Input records Start Marker
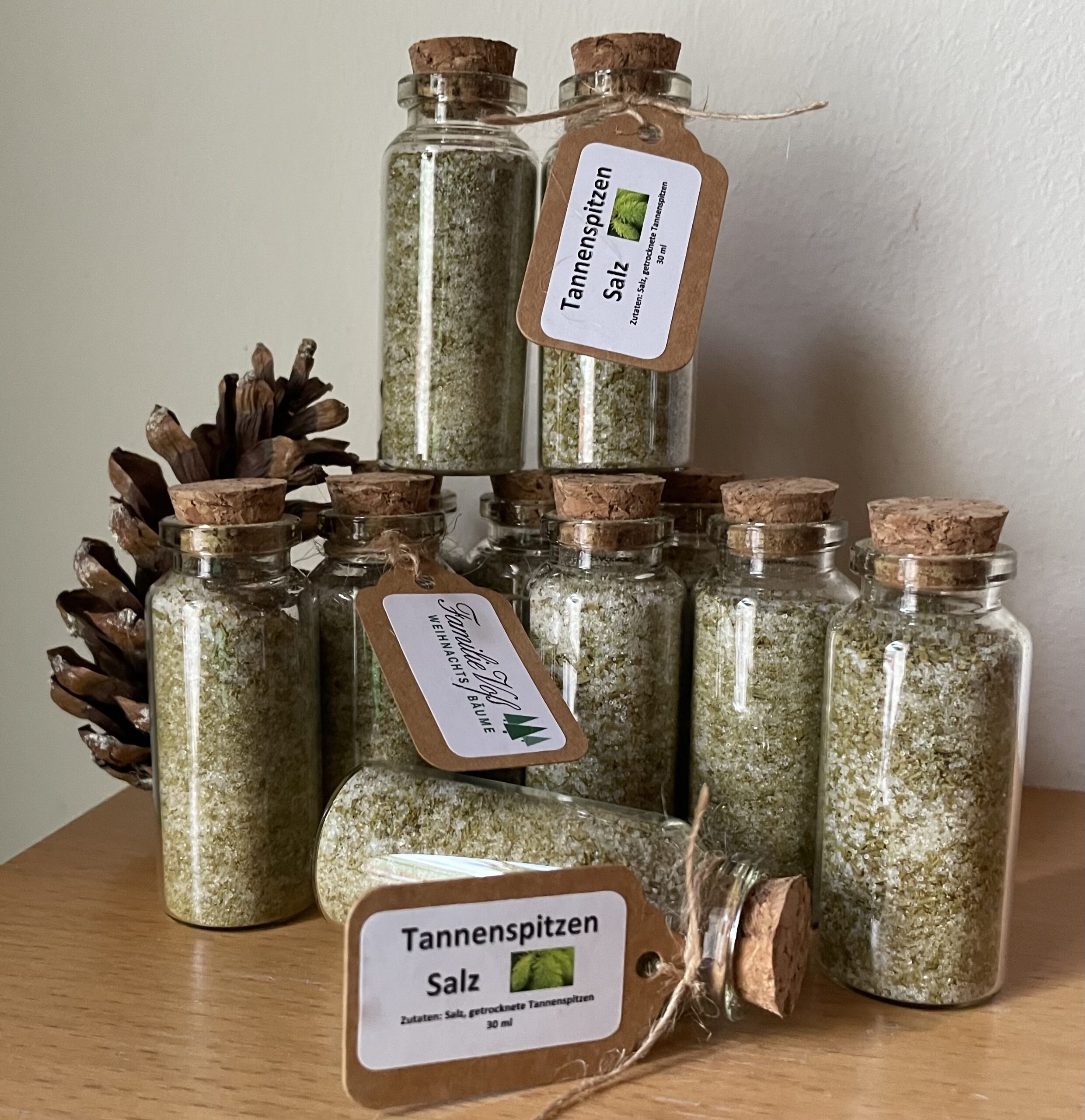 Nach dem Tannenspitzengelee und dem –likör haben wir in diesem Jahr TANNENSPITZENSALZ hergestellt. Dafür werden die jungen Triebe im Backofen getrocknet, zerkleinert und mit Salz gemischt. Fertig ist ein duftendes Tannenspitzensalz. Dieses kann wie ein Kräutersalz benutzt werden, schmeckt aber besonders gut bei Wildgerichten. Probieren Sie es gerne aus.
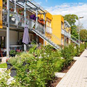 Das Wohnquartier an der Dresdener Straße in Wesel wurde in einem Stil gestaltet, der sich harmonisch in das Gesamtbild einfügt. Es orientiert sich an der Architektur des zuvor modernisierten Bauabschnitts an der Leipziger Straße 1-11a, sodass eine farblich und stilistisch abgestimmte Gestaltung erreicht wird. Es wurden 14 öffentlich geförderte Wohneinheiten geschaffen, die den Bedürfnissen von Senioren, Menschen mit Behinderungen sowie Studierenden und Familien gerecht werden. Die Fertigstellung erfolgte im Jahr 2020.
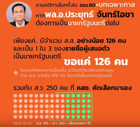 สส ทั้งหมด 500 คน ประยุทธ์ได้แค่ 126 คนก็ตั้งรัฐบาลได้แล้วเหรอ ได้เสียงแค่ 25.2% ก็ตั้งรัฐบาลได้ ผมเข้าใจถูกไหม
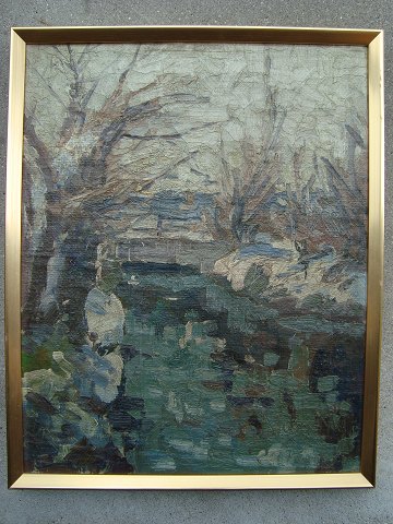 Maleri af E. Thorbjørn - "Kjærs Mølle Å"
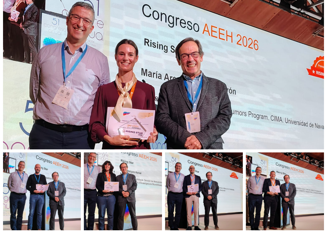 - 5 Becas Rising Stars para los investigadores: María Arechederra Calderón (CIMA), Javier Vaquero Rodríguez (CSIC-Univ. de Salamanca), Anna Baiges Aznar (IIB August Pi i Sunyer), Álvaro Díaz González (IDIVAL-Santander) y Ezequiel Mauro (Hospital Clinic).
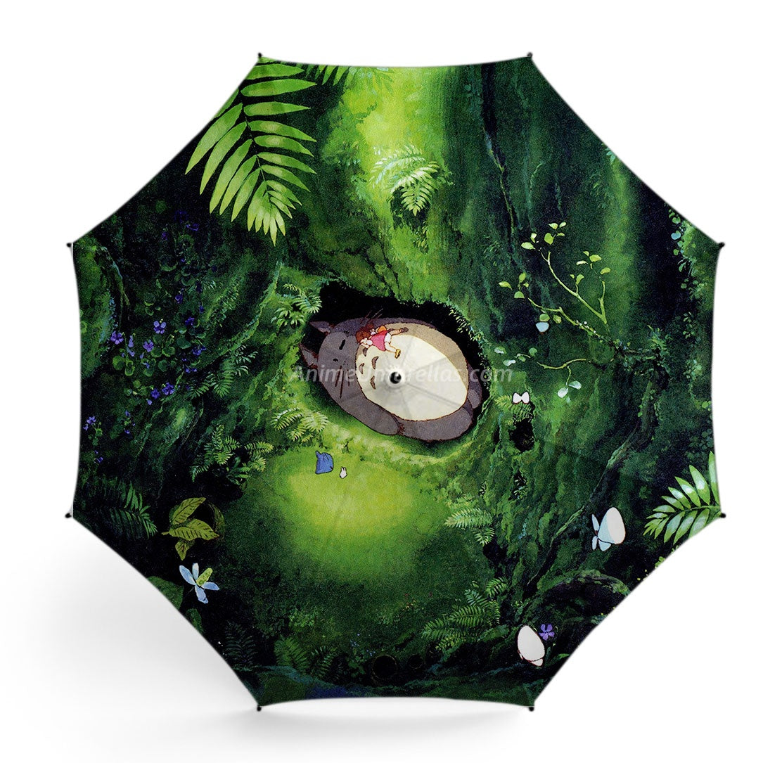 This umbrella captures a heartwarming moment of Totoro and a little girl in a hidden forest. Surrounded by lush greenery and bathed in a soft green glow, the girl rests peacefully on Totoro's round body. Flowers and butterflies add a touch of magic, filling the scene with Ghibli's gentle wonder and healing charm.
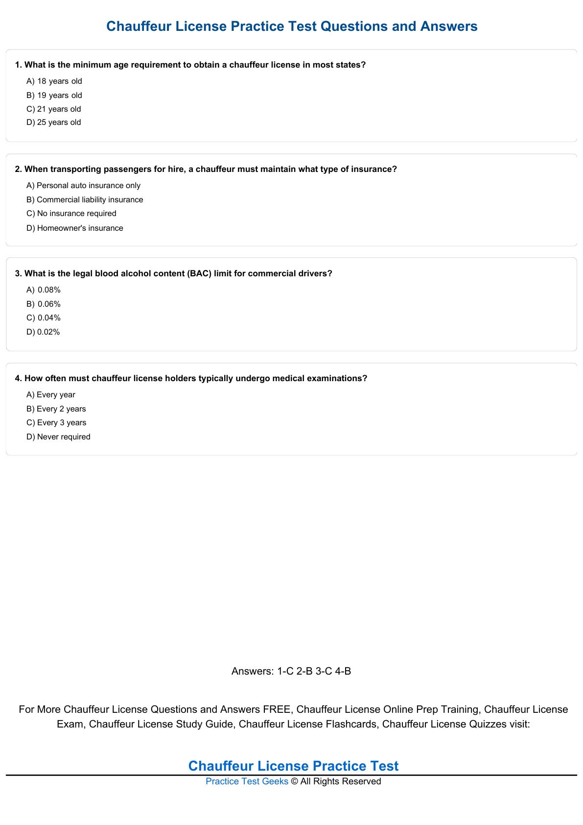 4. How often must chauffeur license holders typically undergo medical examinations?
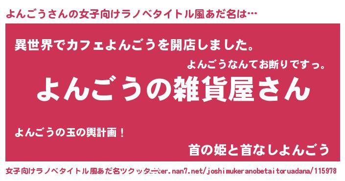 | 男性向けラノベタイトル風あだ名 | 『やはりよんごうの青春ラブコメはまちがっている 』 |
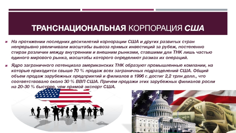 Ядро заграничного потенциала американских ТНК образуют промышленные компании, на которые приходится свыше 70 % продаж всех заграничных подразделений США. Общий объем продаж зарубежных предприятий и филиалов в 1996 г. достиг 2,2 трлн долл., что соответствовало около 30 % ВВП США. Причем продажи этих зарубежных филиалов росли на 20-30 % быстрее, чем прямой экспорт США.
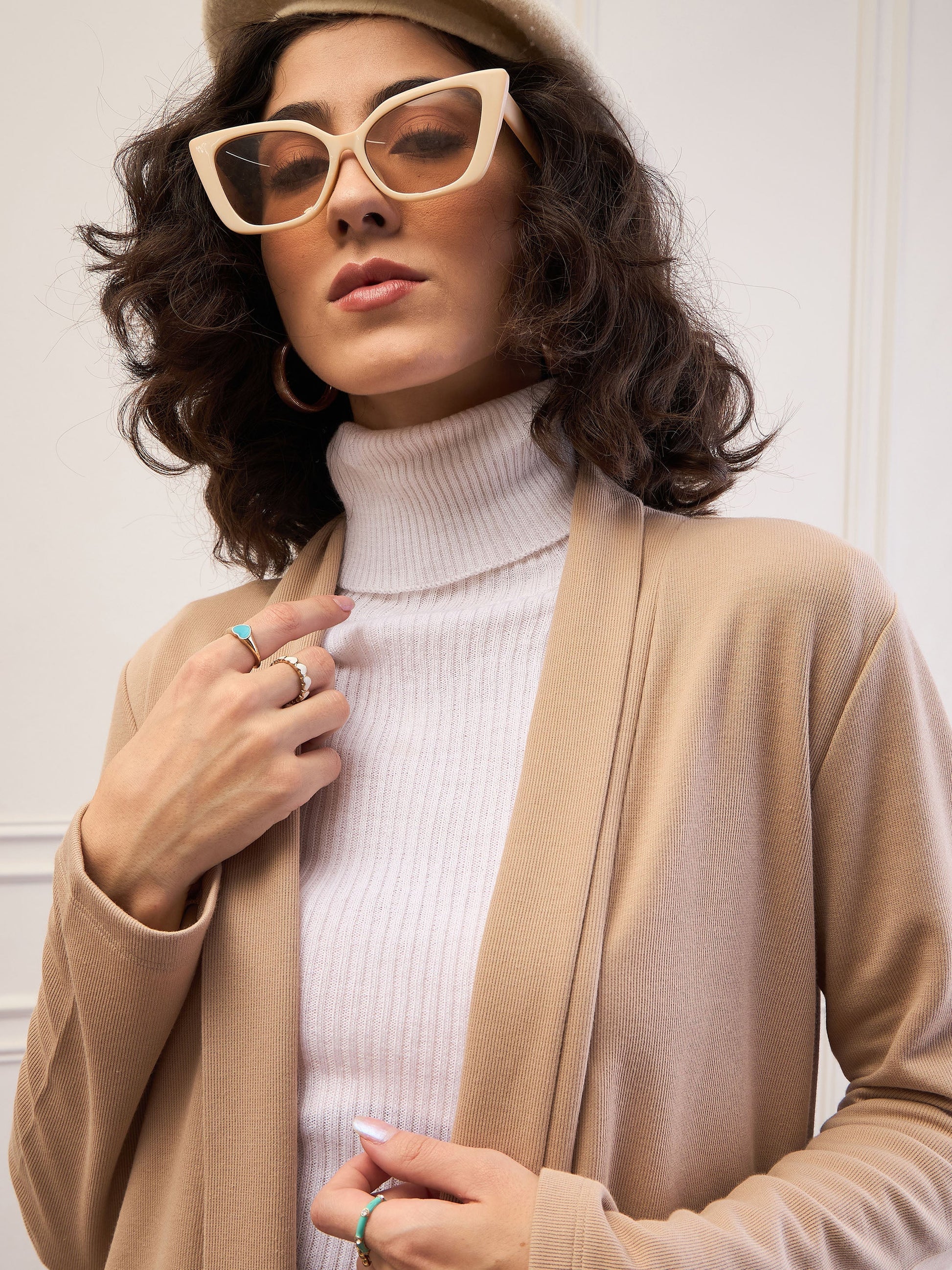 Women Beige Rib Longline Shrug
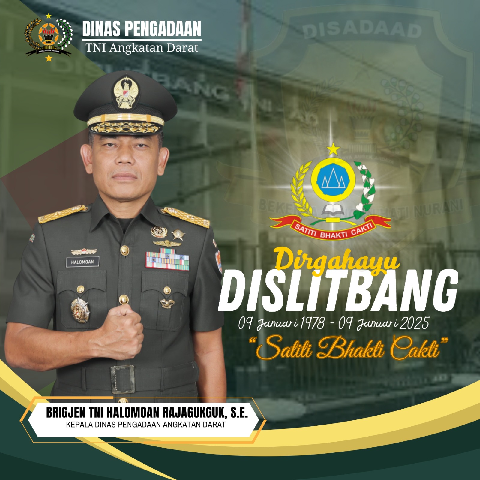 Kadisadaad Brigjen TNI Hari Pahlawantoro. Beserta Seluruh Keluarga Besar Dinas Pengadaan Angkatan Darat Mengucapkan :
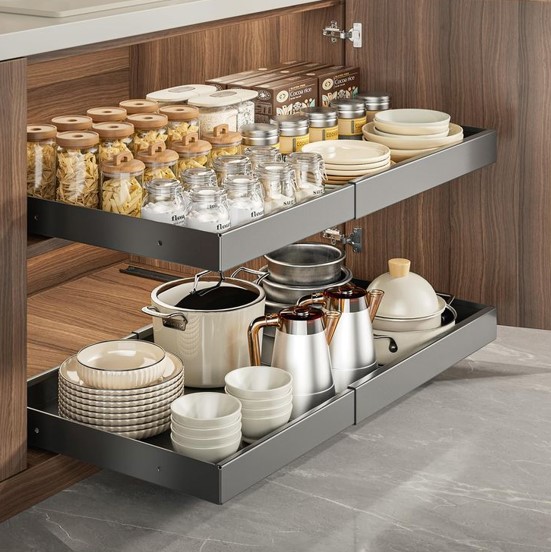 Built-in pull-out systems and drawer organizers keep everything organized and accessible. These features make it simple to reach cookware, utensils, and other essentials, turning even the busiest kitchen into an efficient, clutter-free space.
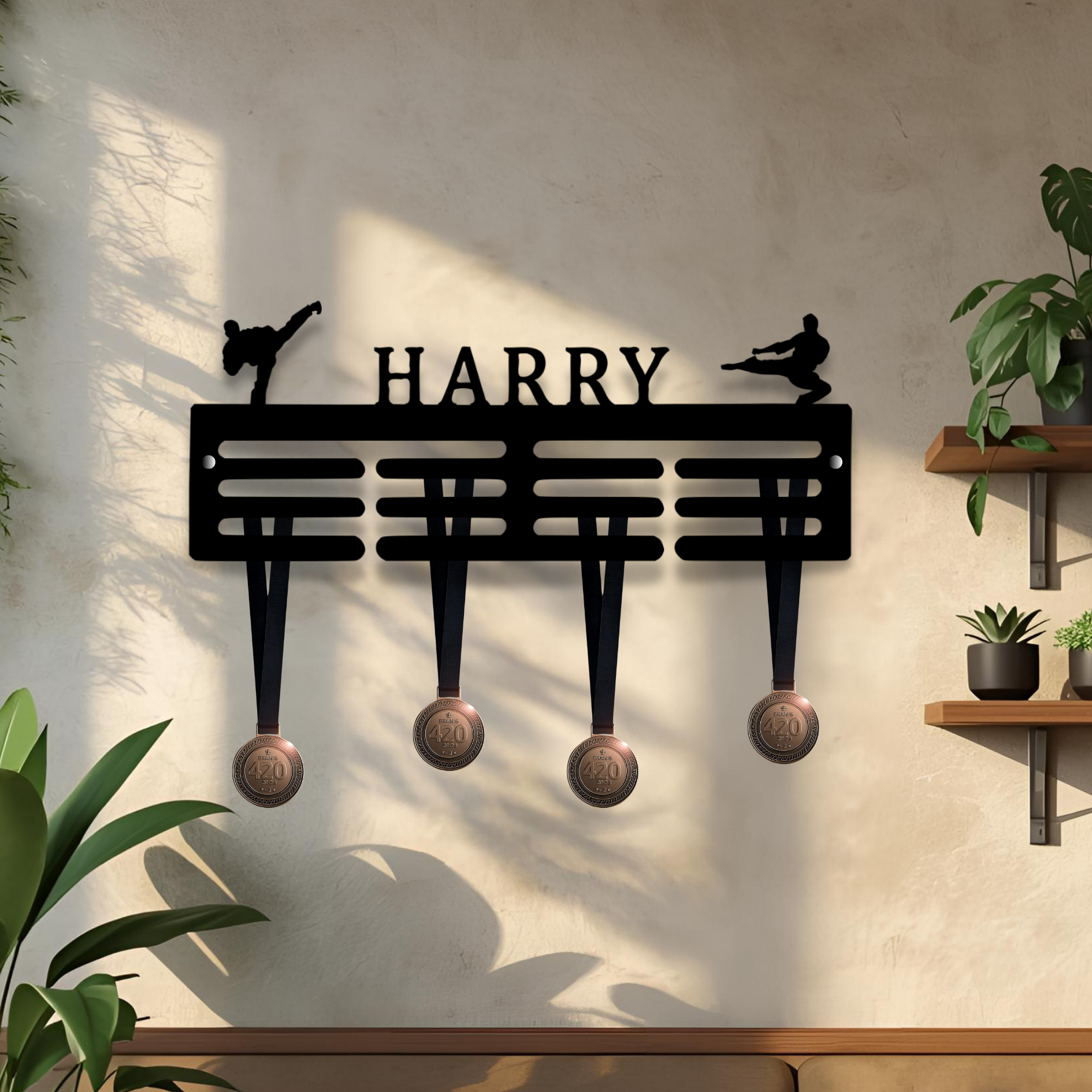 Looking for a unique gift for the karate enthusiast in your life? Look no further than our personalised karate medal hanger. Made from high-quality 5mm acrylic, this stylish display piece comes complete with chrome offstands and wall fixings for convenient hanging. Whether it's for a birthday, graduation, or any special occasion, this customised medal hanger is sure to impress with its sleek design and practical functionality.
Input records End Marker
■ To do ■
Exact copy, pictures excluded: every line above from the one containing "Das Wohnquartier an" to the one containing "- 5 Becas Rising", inclusive, and nothing more.

■ The answer ■
 Das Wohnquartier an der Dresdener Straße in Wesel wurde in einem Stil gestaltet, der sich harmonisch in das Gesamtbild einfügt. Es orientiert sich an der Architektur des zuvor modernisierten Bauabschnitts an der Leipziger Straße 1-11a, sodass eine farblich und stilistisch abgestimmte Gestaltung erreicht wird. Es wurden 14 öffentlich geförderte Wohneinheiten geschaffen, die den Bedürfnissen von Senioren, Menschen mit Behinderungen sowie Studierenden und Familien gerecht werden. Die Fertigstellung erfolgte im Jahr 2020.
 สส ทั้งหมด 500 คน ประยุทธ์ได้แค่ 126 คนก็ตั้งรัฐบาลได้แล้วเหรอ ได้เสียงแค่ 25.2% ก็ตั้งรัฐบาลได้ ผมเข้าใจถูกไหม
 Maleri af E. Thorbjørn - "Kjærs Mølle Å"
 - 5 Becas Rising Stars para los investigadores: María Arechederra Calderón (CIMA), Javier Vaquero Rodríguez (CSIC-Univ. de Salamanca), Anna Baiges Aznar (IIB August Pi i Sunyer), Álvaro Díaz González (IDIVAL-Santander) y Ezequiel Mauro (Hospital Clinic).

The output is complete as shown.